Problem requirements ▸ None of the pictures should be copied, though every line of the listing must be printed exactly.

Data block ▸

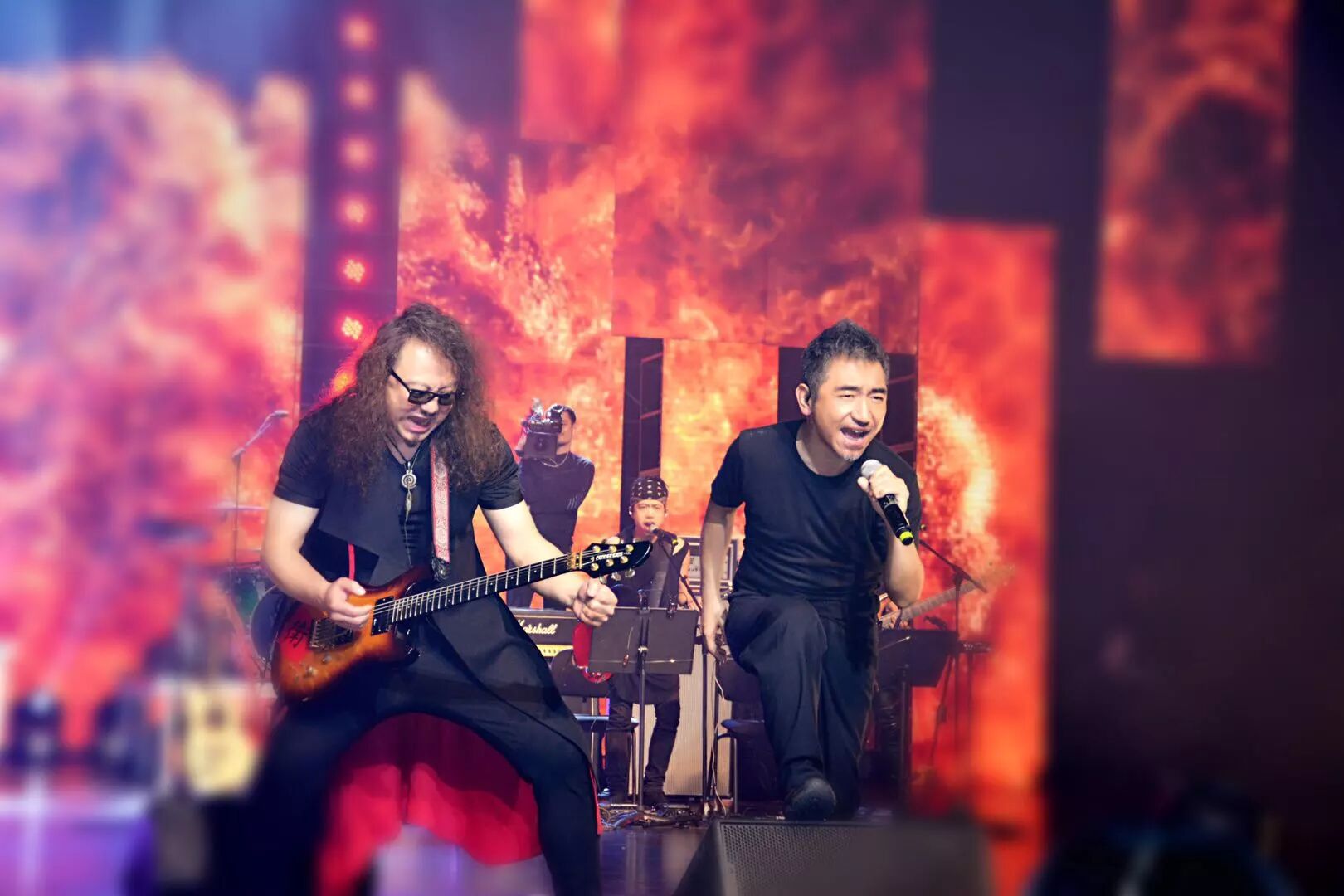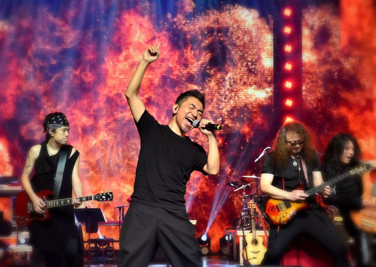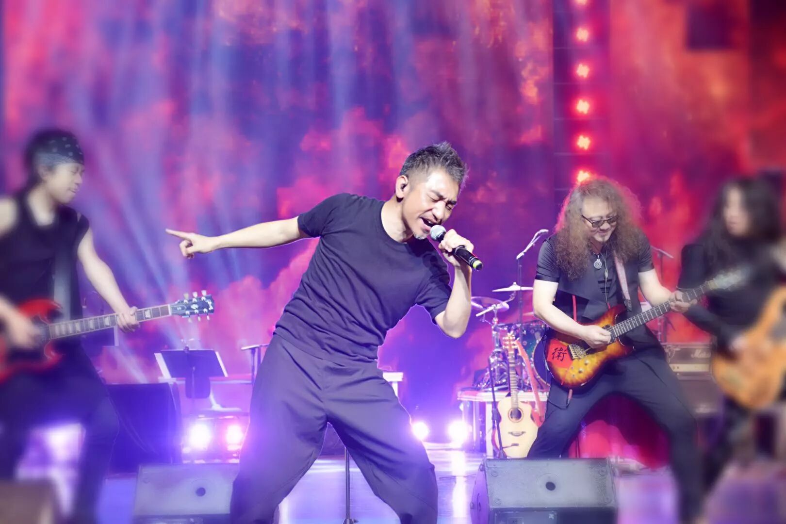 音乐会尾声,吴彤老师携中国笙与琵琶演奏家王帅、唢呐演奏家高岩、胡光辉以及摇滚乐队音乐家们一起为观众演绎了代表作——根据李白和辛弃疾诗词改编创作的《将进酒》和《烽火扬州路》。两首作品五音繁会,气象不凡,古诗词的豪放不羁加上吴老师声音中的潇洒本性,使整个剧场都“燃”了起来。观众们已不再矜持的坐在座位上欣赏,而是用“与君歌一曲,请君为我倾耳听”的行动来回应台上的精彩。全场一同高歌“五花马,千金裘,呼儿将出换美酒,与尔同销万古愁,万古愁”,应景的古词使许多观众为之激情澎湃。而此时,曲已告终,情犹未尽,犹记烽火,来年再会!
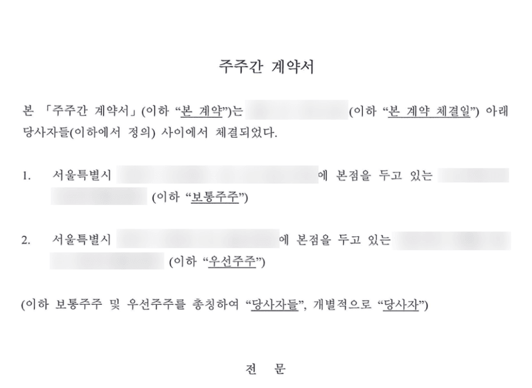이 계약은 대외적으로는 회사의 정관만큼 강제력은 없지만, 주주 간의 권리·의무를 명확히 하고 공동창업자 사이, 혹은 창업자와 투자자 사이의 신뢰를 계약으로 구조화한다는 점에서 반드시 필요하다.
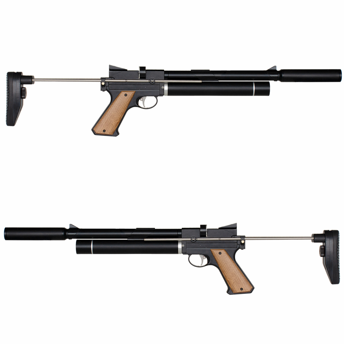 Pistolet wyposażono w zdejmowaną kolbę teleskopową z regulacją długości i kąta nachylenia oraz regulowaną gumową stopkę.
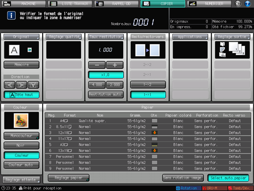 Spécifiez le magasin sur l'écran tactile de l'imprimante, définissez l'original et appuyez sur la touche Départ du panneau de contrôle.

Solution to this problem ▸
 音乐会尾声,吴彤老师携中国笙与琵琶演奏家王帅、唢呐演奏家高岩、胡光辉以及摇滚乐队音乐家们一起为观众演绎了代表作——根据李白和辛弃疾诗词改编创作的《将进酒》和《烽火扬州路》。两首作品五音繁会,气象不凡,古诗词的豪放不羁加上吴老师声音中的潇洒本性,使整个剧场都“燃”了起来。观众们已不再矜持的坐在座位上欣赏,而是用“与君歌一曲,请君为我倾耳听”的行动来回应台上的精彩。全场一同高歌“五花马,千金裘,呼儿将出换美酒,与尔同销万古愁,万古愁”,应景的古词使许多观众为之激情澎湃。而此时,曲已告终,情犹未尽,犹记烽火,来年再会!
이 계약은 대외적으로는 회사의 정관만큼 강제력은 없지만, 주주 간의 권리·의무를 명확히 하고 공동창업자 사이, 혹은 창업자와 투자자 사이의 신뢰를 계약으로 구조화한다는 점에서 반드시 필요하다.
 Pistolet wyposażono w zdejmowaną kolbę teleskopową z regulacją długości i kąta nachylenia oraz regulowaną gumową stopkę.
 Spécifiez le magasin sur l'écran tactile de l'imprimante, définissez l'original et appuyez sur la touche Départ du panneau de contrôle.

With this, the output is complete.